Semua Jual di Atas Harga Het, Kasus Korupsi Pupuk Bersubsidi

SIDANG: Sidang lanjutan kasis korupsi pupuk bersubsidi. -Surya Elviza/Jambi Independent-Jambi Independent
"Jadi tidak sesuai dengan SPJB yang tertera, belum lagi kami mengeluarkan biaya untuk injak gas sopir (ekspedisi)," katanya.
Herianto pun menegaskan terkait penjualan pupuk diatas HET olehnya sebagaimana dakwaan penuntut umum. Menurutnya semua pengecer di Kabupaten Batanghari, melakukan hal yang serupa yakni menjual pupuk subsidi diatas HET.
Terdakwa juga mengakui soal sejumlah blanko atau nota penebusan oleh petani yang diisinya sendiri. Atau tak sesuai antara volume pada nota penebusan dengan nominal sebenarnya.
Soal ini Herianto mengaku bahwa dirinya sudah menyerahkan dan meminta kelompok tani untuk mengisi nota penebusan, namun tak semua petani menindaklanjutinya.

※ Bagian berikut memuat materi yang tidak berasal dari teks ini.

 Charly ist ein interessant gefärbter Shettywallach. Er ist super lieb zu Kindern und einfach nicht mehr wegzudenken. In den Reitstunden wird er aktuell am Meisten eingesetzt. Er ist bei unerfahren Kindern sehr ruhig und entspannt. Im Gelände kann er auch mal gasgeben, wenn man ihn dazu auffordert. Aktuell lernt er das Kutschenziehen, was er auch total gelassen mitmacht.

"Saya yang tulis. Karna tanpa ini mereka tidak bisa dapat pupuk. Sudah saya serahkan berulangkali, tapi ini nama pun tidak mereka isi," katanya.
Jaksa Penuntut Umum pun lanjut menekankan soal Peraturan Menteri Perdagangan Nomor 15/M-Dag/Per/4/2013 tentang Pengadaan dan Penyaluran Pupuk Bersubsidi, yang pada salah satu point menyebutkan
Pengecer bertanggung jawab atas penyaluran Pupuk Bersubsidi kepada Petani/Kelompok Tani di lokasi kios pengecer. Bukan kepada Ketua Kelompok Tani sebagaimana yang diterapkan oleh terdakwa.

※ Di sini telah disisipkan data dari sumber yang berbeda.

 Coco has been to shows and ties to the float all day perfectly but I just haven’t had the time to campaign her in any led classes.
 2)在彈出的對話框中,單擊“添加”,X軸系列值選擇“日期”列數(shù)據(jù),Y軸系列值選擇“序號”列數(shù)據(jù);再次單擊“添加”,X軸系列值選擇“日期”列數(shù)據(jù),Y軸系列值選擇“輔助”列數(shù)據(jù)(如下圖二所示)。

Herianto, kembali berdalih soal pembayaran oleh banyak petani yang berjenjang atau nyicil, sehingga menyerahkan pada kelompok tani agar ada penanggungjawab. Hingga kemudian wabah pandemi Covid-19 yang membatasi pergerakannya hingga tidak dapat turun menemui langsung kelompok tani.
Ketika dicecar soal kerugian keuangan negara atas mark up dari harga HET, dan dipergunakan untuk apa duit-duit yang ia peroleh dari tindakan tersebut. Herianto ngaku lupa. Sementara Herianto ngaku lupa, JPU membacakan BAPnya saat penyidikan. Dimana pada intinya terhadap dana kelebihan pembayaran yang ia terima, juga kembali berputar dalam pusaran bisnis pupuk subsidi tersebut.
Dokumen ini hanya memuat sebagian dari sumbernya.